How to complete this task: Find the line with "와우쥬에서는 약 1시간" in the data below. Repeat it and every line after it exactly, but not the pictures.

Data segment:
━━━━
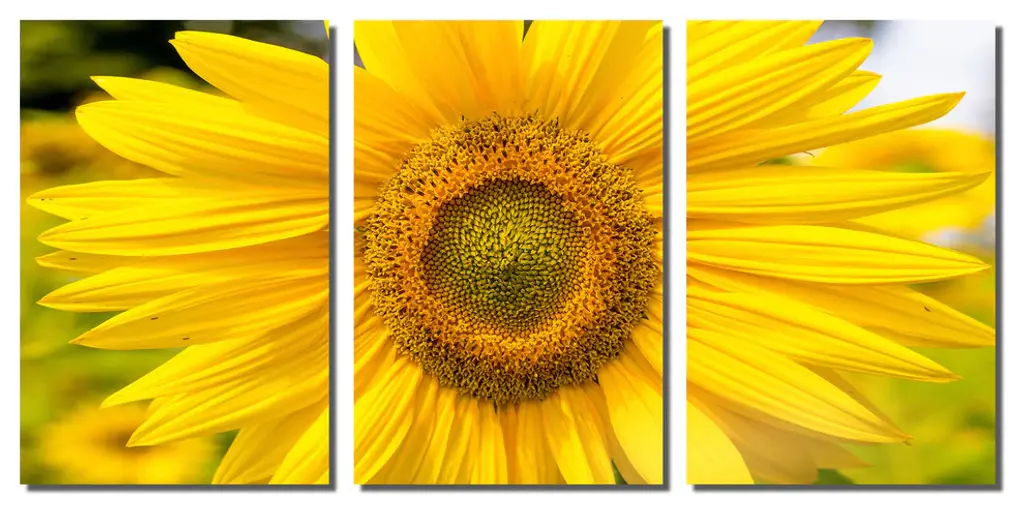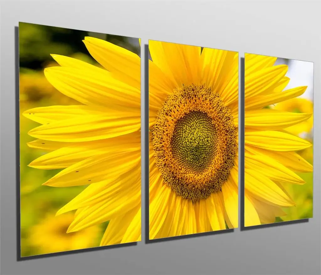 48"œ x 24"œ total size. Ready To Hang! (3 pieces - 16"œ x 24"œ each). 3 Panel Split (Triptych) Metal Print of a Yellow Sunflower close-up. Modern metal wall art for home or office wall decor & interior design. Printed on Luxurious, HD aluminum glossy metal panels. Multi panel art.. HD aluminum panels. Metal print wall art. Includes Shadow Wall Mount on the back.• Aluminum Metal Wall Art• Made in USA• Ready to hang - No assembly required• Shadow mount hardware on the back• 0.045"œ thick HD Aluminum Panels• Scratch resistant, glossy finish• Superb color clarity, luxurious prints• Epson printing process• For indoor or moisture rich environment use• Easy to clean. Gently wipe with microfiber cloth.
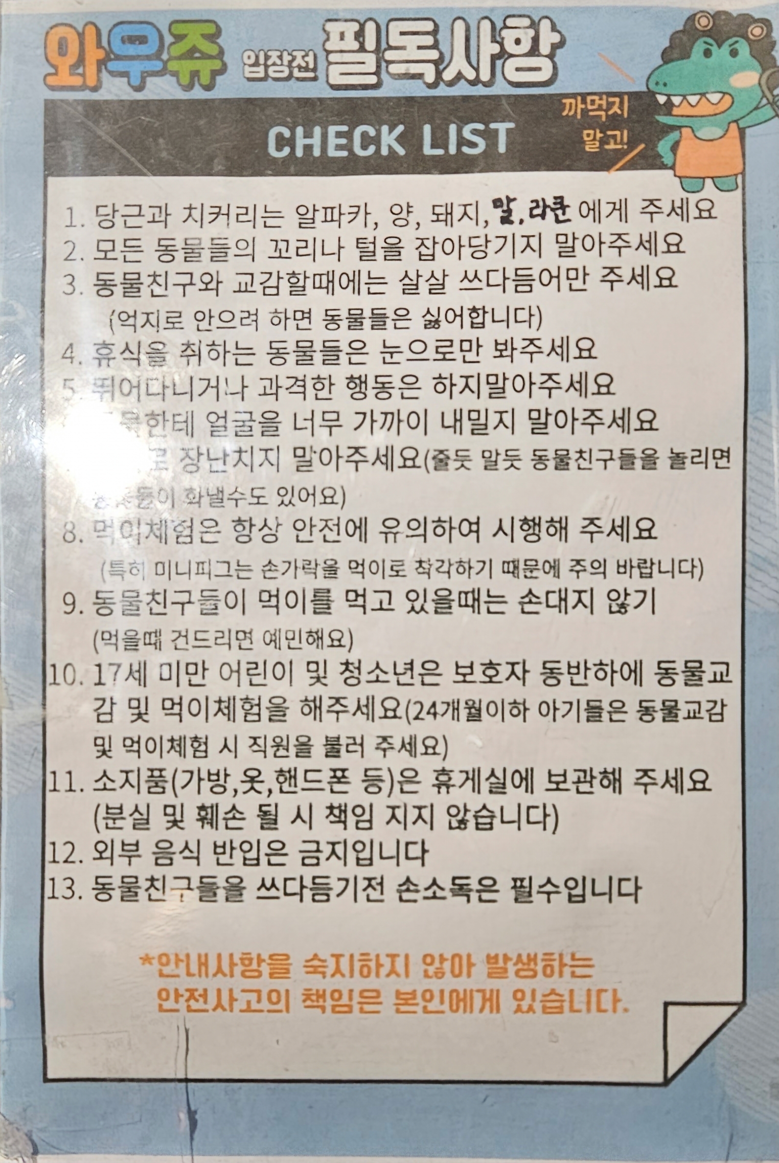 와우쥬에서는 약 1시간 정도 있었어요. 열심히 관람하고 사진 찍고 놀다 보니 1시간이 금방 가더라고요.
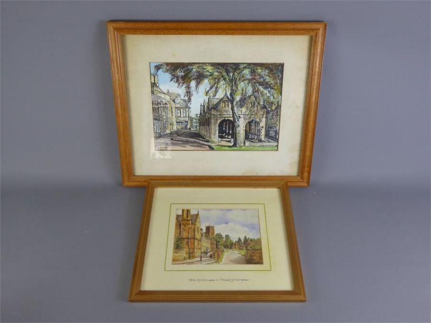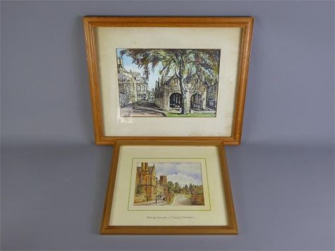 Three Watercolours of Chipping Campden entitled 'The Row', The Wool Market' and 'The Alms Houses', two signed B. Turner dated 1981, framed and glazed together with a print depicting a pastoral scene. (4)
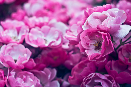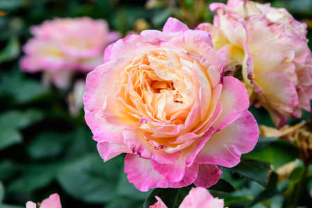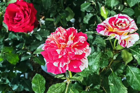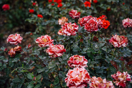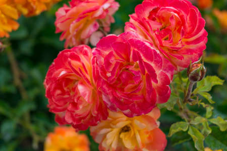 Colorful and vivid ornamental rose flowers in bloom. Nature background
━━━━
Solved problem:
 와우쥬에서는 약 1시간 정도 있었어요. 열심히 관람하고 사진 찍고 놀다 보니 1시간이 금방 가더라고요.
 Three Watercolours of Chipping Campden entitled 'The Row', The Wool Market' and 'The Alms Houses', two signed B. Turner dated 1981, framed and glazed together with a print depicting a pastoral scene. (4)
 Colorful and vivid ornamental rose flowers in bloom. Nature background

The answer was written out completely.